PROBLEM DESCRIPTION: Transcribe the listing below verbatim, omitting pictures.
+++ SUPPLIED MATERIAL +++
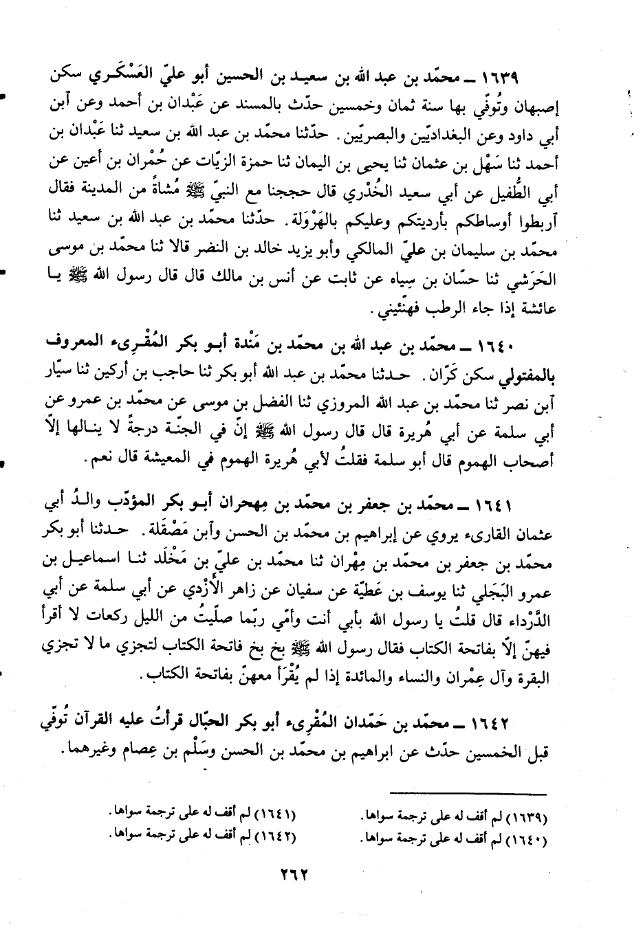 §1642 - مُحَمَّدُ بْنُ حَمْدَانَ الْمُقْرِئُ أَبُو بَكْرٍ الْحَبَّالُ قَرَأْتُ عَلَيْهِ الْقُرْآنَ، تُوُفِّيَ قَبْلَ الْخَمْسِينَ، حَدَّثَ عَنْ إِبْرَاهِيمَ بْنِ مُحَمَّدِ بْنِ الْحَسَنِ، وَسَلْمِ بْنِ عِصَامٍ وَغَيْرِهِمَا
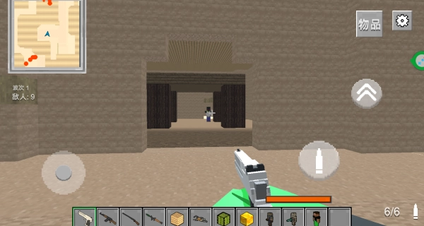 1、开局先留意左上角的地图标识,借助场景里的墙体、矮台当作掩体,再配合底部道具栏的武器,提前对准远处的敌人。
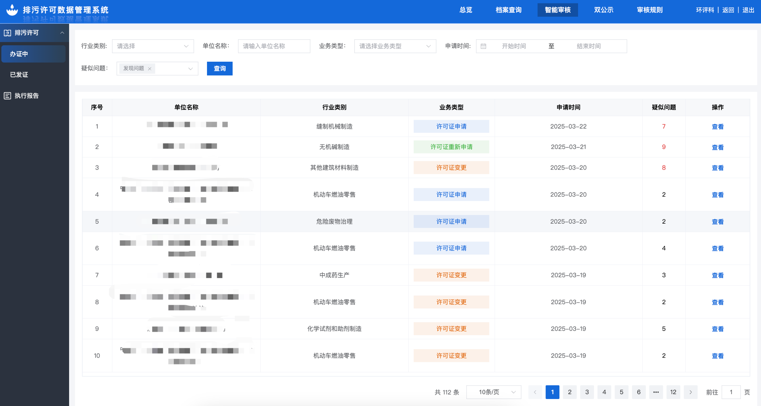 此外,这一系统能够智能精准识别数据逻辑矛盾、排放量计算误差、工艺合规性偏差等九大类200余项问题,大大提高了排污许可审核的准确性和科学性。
+++
FINAL ANSWER:
 §1642 - مُحَمَّدُ بْنُ حَمْدَانَ الْمُقْرِئُ أَبُو بَكْرٍ الْحَبَّالُ قَرَأْتُ عَلَيْهِ الْقُرْآنَ، تُوُفِّيَ قَبْلَ الْخَمْسِينَ، حَدَّثَ عَنْ إِبْرَاهِيمَ بْنِ مُحَمَّدِ بْنِ الْحَسَنِ، وَسَلْمِ بْنِ عِصَامٍ وَغَيْرِهِمَا
 1、开局先留意左上角的地图标识,借助场景里的墙体、矮台当作掩体,再配合底部道具栏的武器,提前对准远处的敌人。
 此外,这一系统能够智能精准识别数据逻辑矛盾、排放量计算误差、工艺合规性偏差等九大类200余项问题,大大提高了排污许可审核的准确性和科学性。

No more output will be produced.